The letter states “meters are necessary to monitor actual water usage, accurately calculate water loss and properly manage your system.”
To comply, the EPA states “South Point must develop a plan for installing meters on all service connections” and must reduce unaccounted-for water loss to under 30 percent, with an ultimate recommended goal of below 15 percent.”
“For 40 years, they have suggested this,” Mayor Jeff Gaskin said at Tuesday’s meeting of council. “They are no longer suggesting.
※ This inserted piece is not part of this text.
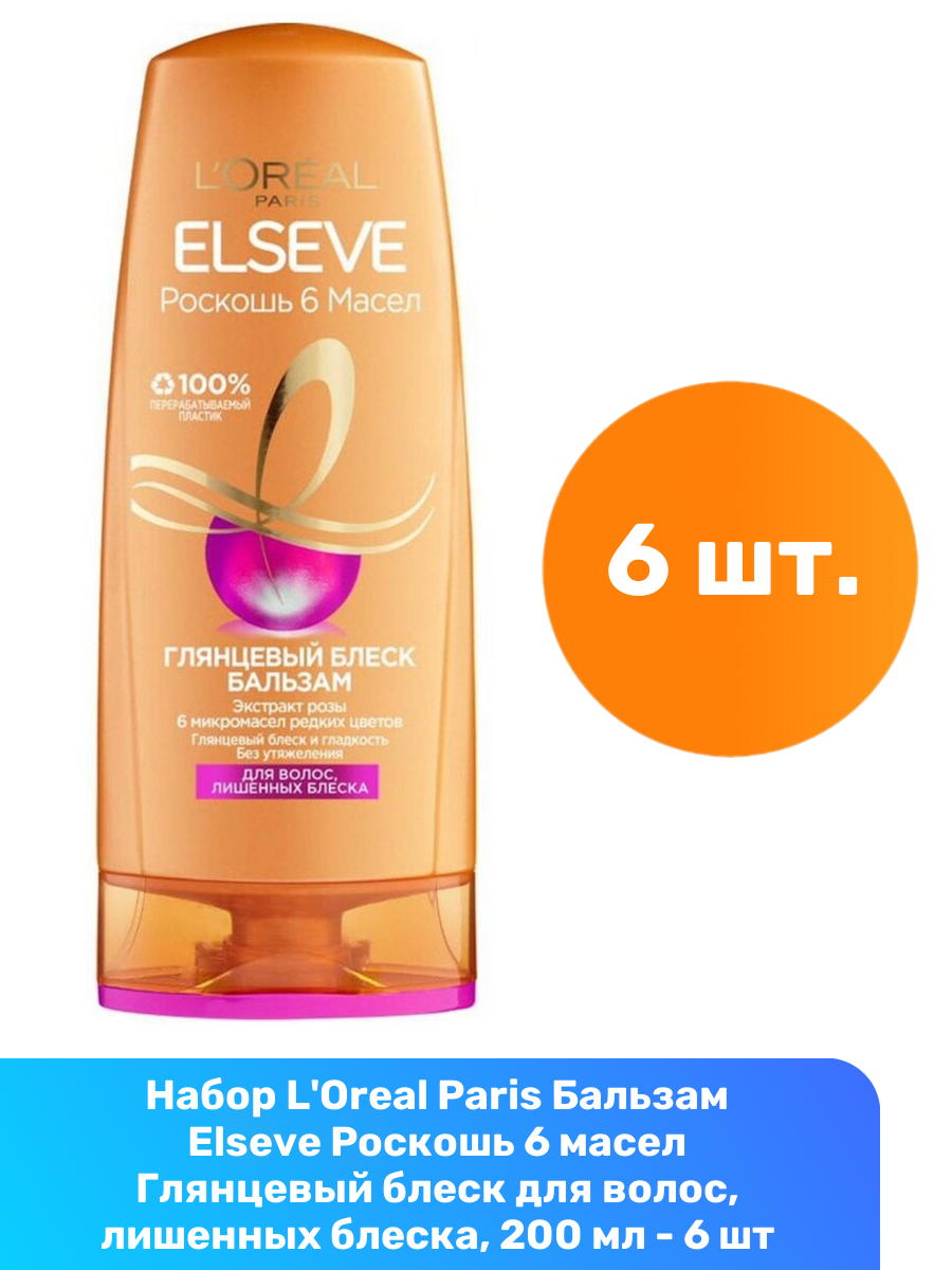 Купить L'Oreal Paris Бальзам Elseve Роскошь 6 масел Глянцевый блеск для волос, лишенных блеска, 200 мл - 6 шт

The two words are ‘shall’ and ‘must.’”
Water usage has long been an issue in the village, with village administrator Russ McDonald regularly informing council that the village is pumping amounts that overburden its system.
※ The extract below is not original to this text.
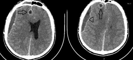 경막하농양(삼각)과 뇌농양(화살표시) MRI 영상경막하농양의 위치는 전두엽 부위에 많은데 대뇌표면을 따라 전파되거나 산발적인 농양이 형성됩니다.초기에는 수막염 증상을 보였으나 급속히 악화되어 의식 저하, 편마비, 발작을 볼 수 있습니다.뇌농양의 경우 크기가 커지면 뇌압의 상승과 함께 대뇌 탈출, 농양 파열로 사망에 이를 수 있습니다.

The village has installed meters for customers who live outside village limits.
McDonald estimated it would take one to two years to install meters to all customers and estimated it would cost $800,000.
Village solicitor Randy Lambert said the village can avoid penalties from the EPA by responding and announcing a plan to achieve compliance and that time would be allowed for implementation.
McDonald said most of the infrastructure is in place and that he would recommend the village move to water meters.
“This is not about money,” Gaskin said. “This is a violation and about abuse of the water system.”
The mayor said, under a metered system, South Point would still have a lower rate than its neighbors.
“The only fair way to do this is to pay for what you use,” Gaskin said.
One woman in attendance, who lives outside village limits, said her water bill had not changed much since a meter was installed at her residence.
“And we have four people and two teenage girls,” she said.
The council concluded the discussion by voting on a motion to direct McDonald to devise a plan for implementing meters to come into compliance with the EPA.
No specific timetable was set and the matter will be discussed further at future meetings.